### Given material
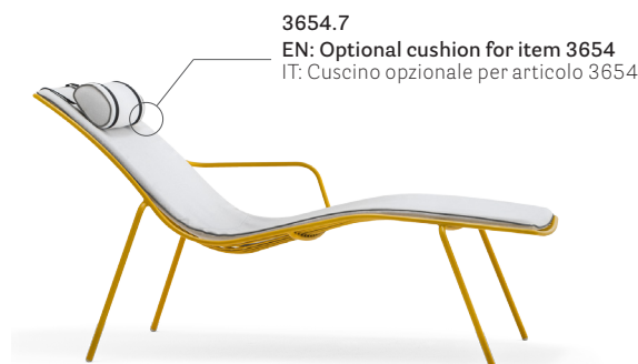
3654.7 EN: Optional cushion for item 3654 IT: Cuscino opzionale per articolo 3654
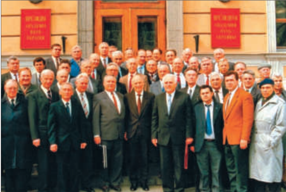
Б.Є. Патон з членами Відділення фізико-технічних проблем матеріалознавства НАН України. Київ, 1993 р.

шальне значення. Природно, що інтенсивний розвиток гуманітарних наук і установ став академічним пріоритетом, оскільки і світовий пріоритет — людський розвиток — має свої базові корені в гуманітарних чинниках.
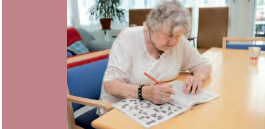
Unterstützung für die Pflege Zuhause: das Tageszentrum

### The task
Ignoring the pictures, write out word for word only the lines from the one containing "шальне значення. Природно, що" through the last line of the data, both ends included.

### Answer for this exercise
шальне значення. Природно, що інтенсивний розвиток гуманітарних наук і установ став академічним пріоритетом, оскільки і світовий пріоритет — людський розвиток — має свої базові корені в гуманітарних чинниках.
Unterstützung für die Pflege Zuhause: das Tageszentrum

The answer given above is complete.